_Action item_
Your copy of the data should match it exactly, leaving out only the pictures.

_Source material_
═══

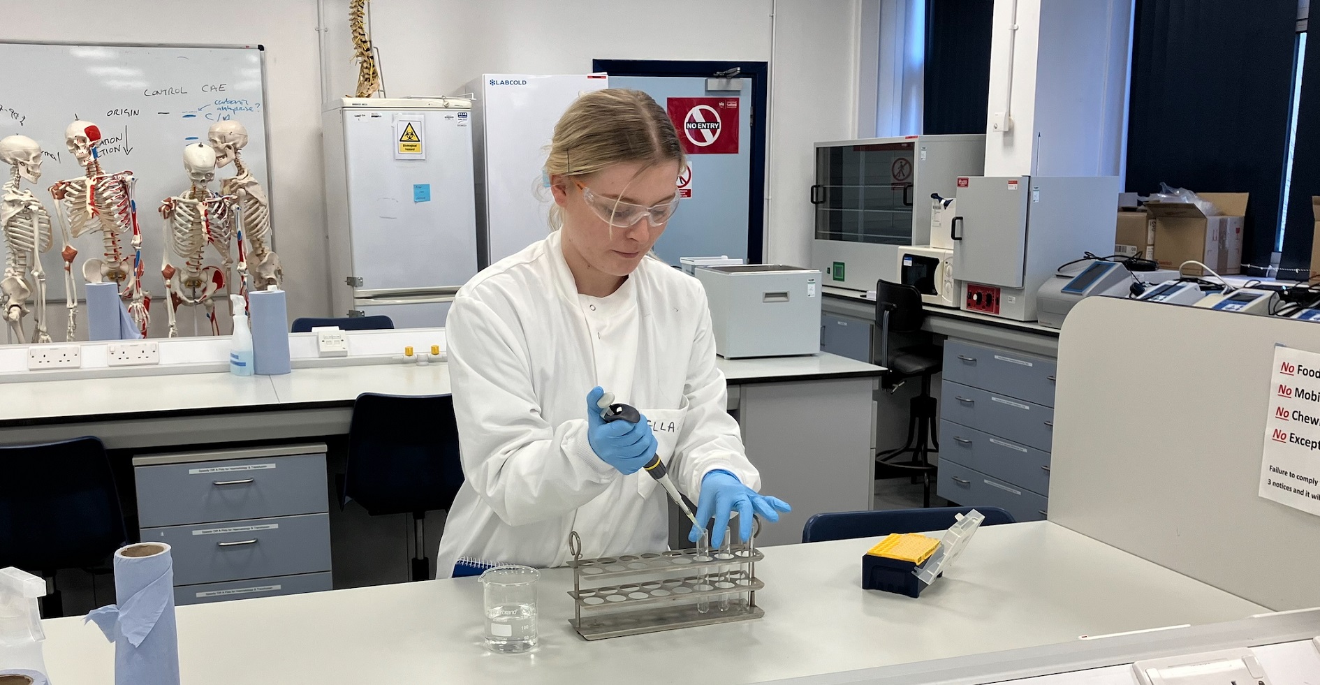 Ella spends four days working as an Associate Practitioner in the Histopathology cancer labs at Wythenshawe Hospital, Manchester and one day a week studying in the state-of-the-art facilities at the University of Salford.
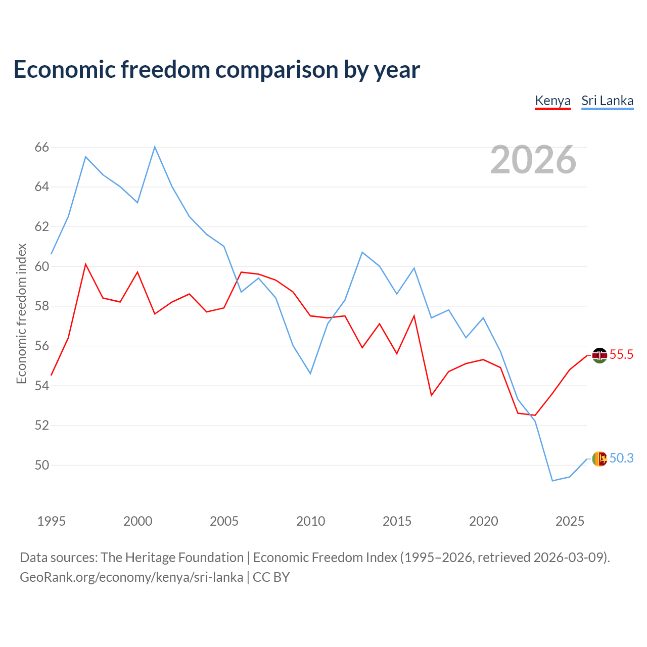 The Economic Freedom Index for Kenya is 55.5, ranking 128/197, compared to 50.3 for Sri Lanka, ranking 162/197. The chart above displays a comparison of annual changes in economic freedom indexes.
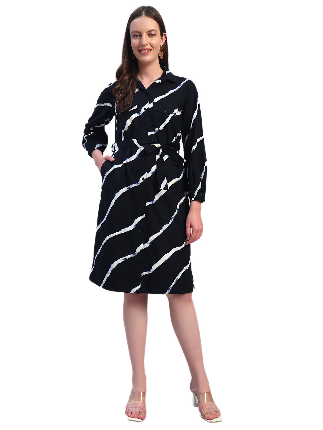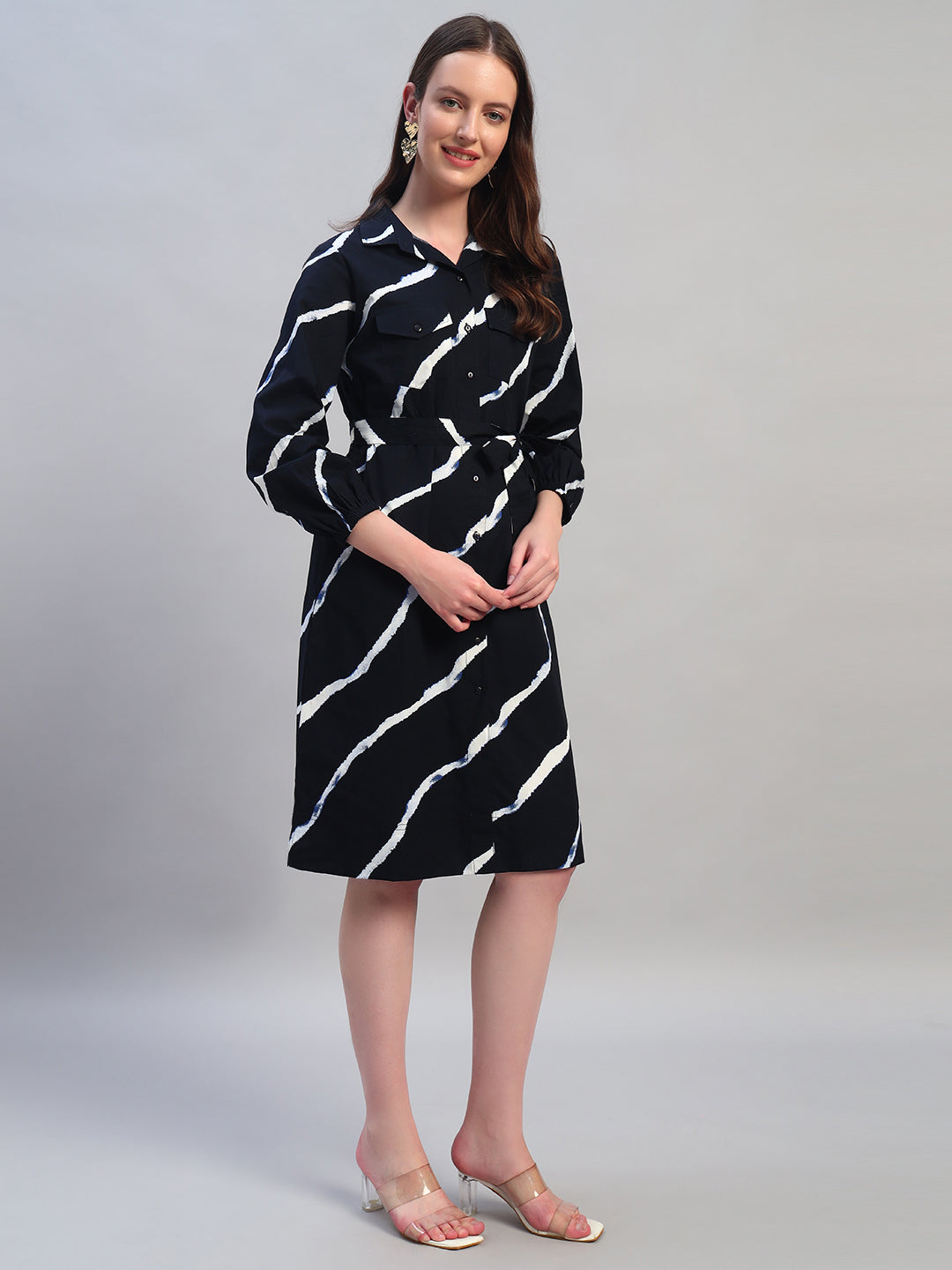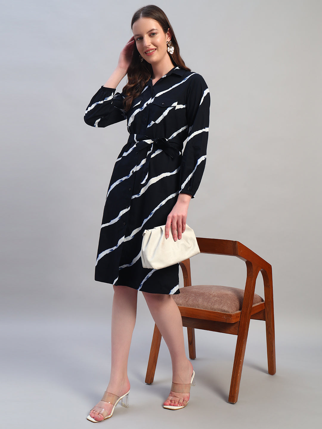 Women Printed Navy Blue Spread Collar Full Sleeves Casual Dress

═══

_Solution to this problem_
 Ella spends four days working as an Associate Practitioner in the Histopathology cancer labs at Wythenshawe Hospital, Manchester and one day a week studying in the state-of-the-art facilities at the University of Salford.
 The Economic Freedom Index for Kenya is 55.5, ranking 128/197, compared to 50.3 for Sri Lanka, ranking 162/197. The chart above displays a comparison of annual changes in economic freedom indexes.
 Women Printed Navy Blue Spread Collar Full Sleeves Casual Dress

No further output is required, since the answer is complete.